This essay is part of The Barrymore Trilogy Blogathon hosted by The Good Old Days of Classic Hollywood.
This post is dedicated to Drew, but for more Barrymore, visit the site!
At one time or another, everyone has had the experience of feeling as though some real-life event or activity were taking place in a movie. For example (and speaking from embarrassingly personal experience): owning a convertible in Los Angeles in the early 80s made it a certainty that when Blondie’s Call Me played on the car radio, that infectiously percussive, synth-pop ditty instantly became my background music. Even a routine Slurpee run to the nearby 7-Eleven was transformed into the slick opening credits sequence of my very own 80s erotic thriller.
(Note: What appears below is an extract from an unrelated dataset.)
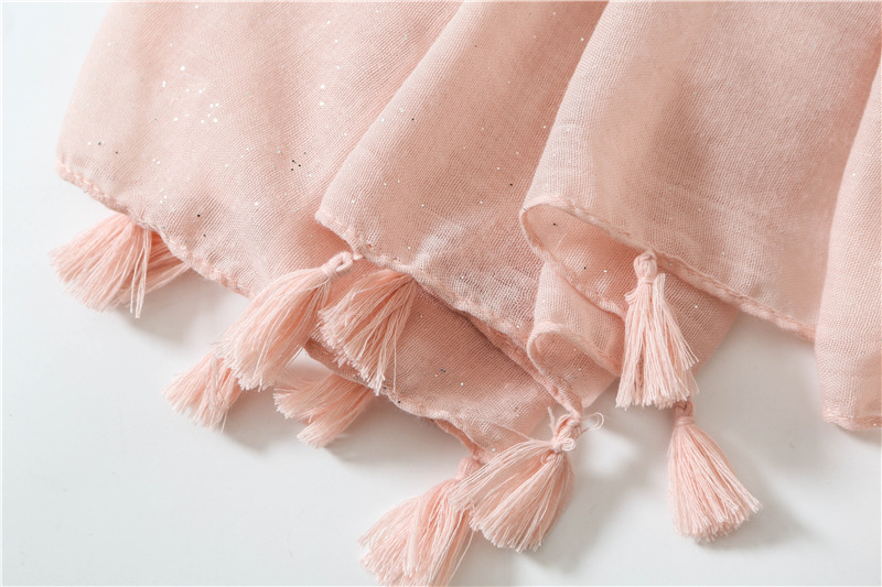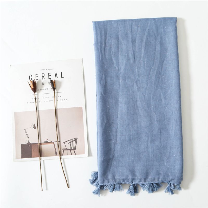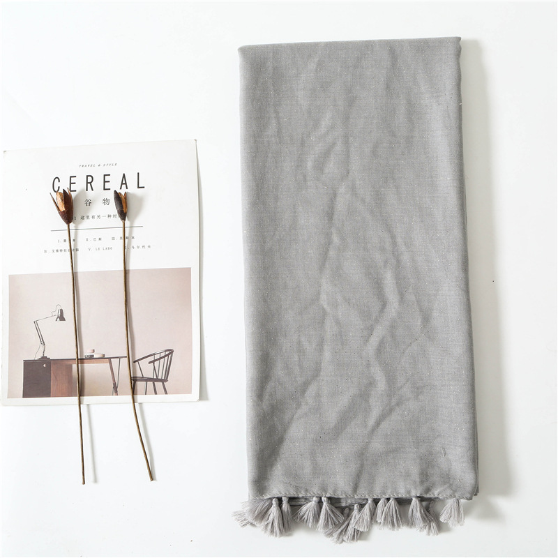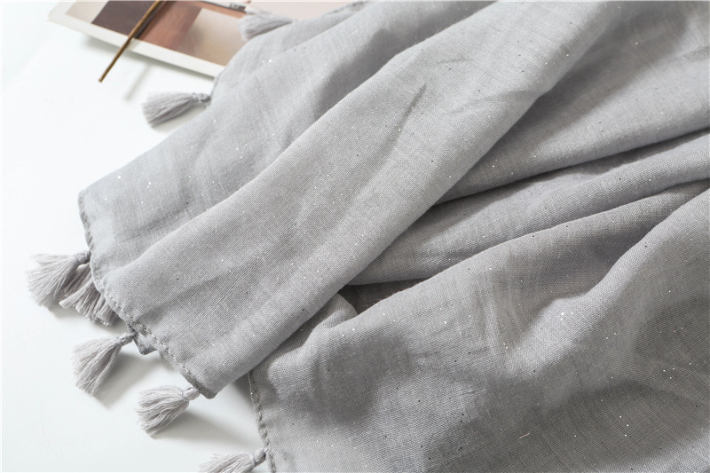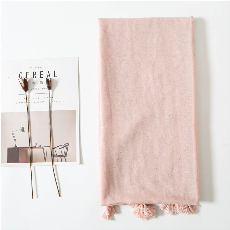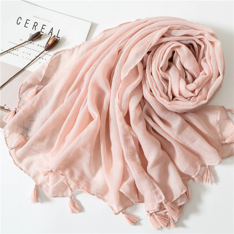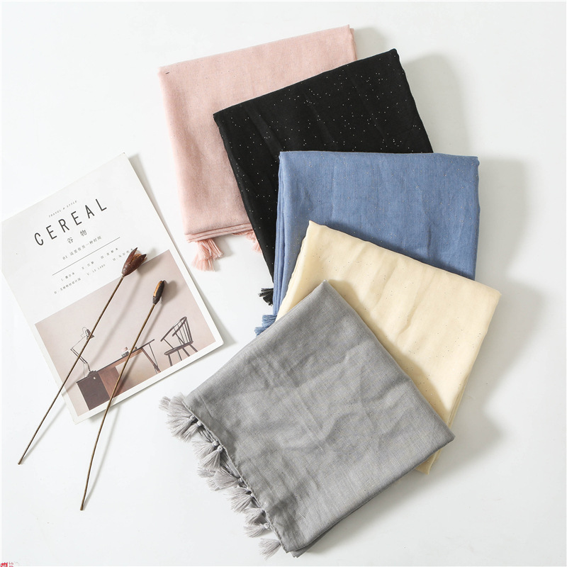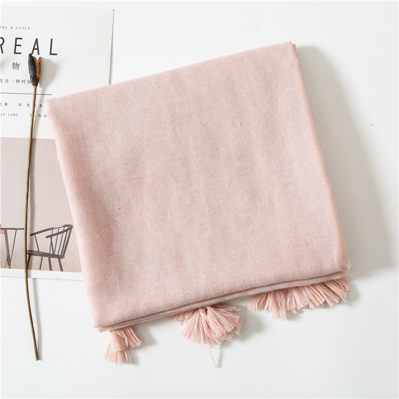 Beautiful monochrome color shiny Sprinkle tassel cotton scarf sunscreen

The desire for reality to more resemble the idealized fantasy world of the movies is, perhaps, a film fan's wish as old as cinema itself. And while there's no telling the countless headaches, heartaches, and dashed illusions to be spared were one were outfitted with some kind of built-in immunity to the seductive sway of Hollywood's Technicolor fairy tales; were such a thing even possible, I'm more than certain that a reality stripped of the belief in the possibility of the impossible would hardly qualify as anybody's idea of living, anyway.
The eternal paradox of movies has always been its ability to render the real as slightly dreamlike, while capturing the essence of the ethereal with canny verisimilitude. No other sphere of emotion seems to inspire this quality in movies as evocatively as the contemporary notion of romantic love. Especially love of the transcendent, dizzying, sweep-one-off-one's-feet variety favored by musicals. And when it comes to romance and the eloquent expression of love, can any movie genre compare with the Hollywood musical?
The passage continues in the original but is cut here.